Little profit for the pork industry in 2016

By Debra Levey Larson 
U of I News Bureau

URBANA – The outlook for the pork industry has turned somewhat more optimistic in recent weeks. The sources of that optimism include a $2 to $4 increase in spring and summer lean hog futures prices since the first of the year and slightly lower new-crop soybean meal prices.  According to Purdue University Extension economist Chris Hurt, a bit higher hog prices and a little lower cost add to the potential for a profitable year.

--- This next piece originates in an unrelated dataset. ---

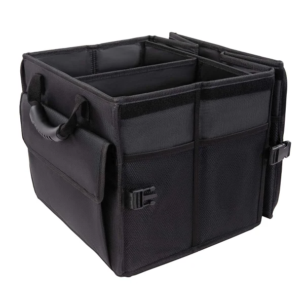Eurow Automotive Car Trunk Organizer WR Foldable Storage Collapsible Box Bag Features: Easy Grip Handles Water-Resistant Easy to Clean Product Details Eurow’s Automotive Trunk Organizer makes organizing your car easy. There is plenty of room and pockets to store all your travel gear and more. Ideal for road-side emergency equipment, tools, car care accessories, sporting equipment, groceries, & more! Say goodbye to a cluttered car. Features: Built to Last: Made with 1680D polyester oxford material, water-resistant, durable, and simple to clean. Durable handles support heavy loads and make transporting more comfortable. Multiple Storage Compartments: There are 2 removable dividers, creating 3 large compartments to sort belongings. 1 large pocket with a flap closure and 4 smaller mesh accessory pockets are perfect to store smaller items. Bonus Features: A non-slip textured bottom prevents the organizer from sliding around while in use. The lid is removeable for larger items or secured with hook & loop closure to further secure items or provide a cleaner look. Customizable: This organizer can easily fold flat for convenient storage when not in use or can be partially collapsed with buckles for a customized size. Perfect for your truck, car, SUV, garage, closet and more! Includes: Contains one Automotive Organizer Items pictured in the Automotive Organizer are not included and are shown only for scale. Specifications: Dimensions: 60 cm × 35.5 cm × 30.5 cm (23.6 in. × 14 in. × 12 in.)

“Currently, the 2016 pork outlook looks a lot like 2015, which featured losses in the first and fourth quarters with the second and third quarters providing some profit,” says Hurt. “That pattern appears to be repeating this year. However, the industry is expected to register a $4 per head profit in 2016 in comparison to an estimated $3 per head loss last year.”

Hurt says pork supplies in the first two months of 2016 were down about 1 percent from the same period a year ago. This is in alignment with the last hog inventory count from USDA. The relative accuracy of the last USDA count adds credibility to using their inventory numbers as a measure of spring and summer supplies.

“Based on that last report, March, April, and May pork production is expected to be down about 1 to 2 percent,” Hurt says. “Summer pork production is expected to be unchanged from year-ago levels and fall production is expected to rise by 2 percent. These numbers would indicate that domestic pork production would be unchanged for the year, while USDA analysts suggest that production will rise by 2 percent.”

The estimated cost of farrow-to-finish pork production in calendar 2015 was near $51 per live hundredweight. Hurt believes that is expected to drop a bit in 2016 to average near $50. The decline is related to lower costs for soybean meal. In 2015, high-protein soybean meal at Decatur.

averaged $341 per ton, but is expected to drop to about $283 for all of 2016. If so, Hurt says this will be the lowest cost meal since 2007 when it averaged $231 per ton. For corn, the U.S. average price received for calendar 2015 was $3.71 per bushel. Current futures prices suggest that price will be similar for calendar 2016.

Live hog prices in 2015 averaged $50.23, according to USDA. “My current forecast for 2016 is for hog prices to average about $51 per live hundredweight,” Hurt says. “Quarterly price estimates are $45 to $48 in the first quarter, $54 to $58 in the second quarter, $53 to $57 in the third quarter, and $45 to $49 in the final quarter.

“These forecasts suggest that the average cost farrow-to-finish pork producer lost about $3 per head in 2015, a near breakeven year in which producers nearly covered all of their costs, including depreciation and all hired and family labor costs,” Hurt says. “The year of 2016 also appears to be one near breakeven, but with a more positive tone of about $4 per head of profit above all costs.”

As the spring planting season approaches, Hurt says pork producers are well aware of the uncertainties of the upcoming growing season. Corn and soybean meal prices are at the lowest levels in nine years. Harmful growing season weather in the United States would increase feed costs.

How could producers help protect against some of these price increases should they occur?

According to Hurt, one possible answer is to buy December 2016 corn calls and December 2016 soybean meal calls.  At this writing, the premium for at-the-money December 2016 corn call options was 28.5 cents per bushel. If a pork producer were to buy the equivalent bushels to cover one year of feeding needs, this premium would raise the cost of production by an estimated $1.25 per live hundredweight. The at-the-money December 2016 soybean meal call option had a premium of $16.60 per ton. If a one-year’s was purchased for the hog operation, the premium costs adds 44 cents per live hundredweight to costs. Therefore, to cover both corn and soybean meal with new-crop call options would be about $1.69 per live hundredweight.

“The calls provide potential financial protection if the new-crop futures prices for corn and soybean meal were to rise,” Hurt says. “They do not eliminate the opportunity to buy corn and meal with even lower futures prices should another high-yield year develop. However, one has to pay the option premiums and any transaction costs for these rights.

“The more difficult question is ‘should’ pork producers use options to protect against the potential for rising feed prices,” Hurt says. “That depends upon the risk preferences of each producer, their perception of the risk of harmful weather this summer, their financial situation, and their overall outlook.”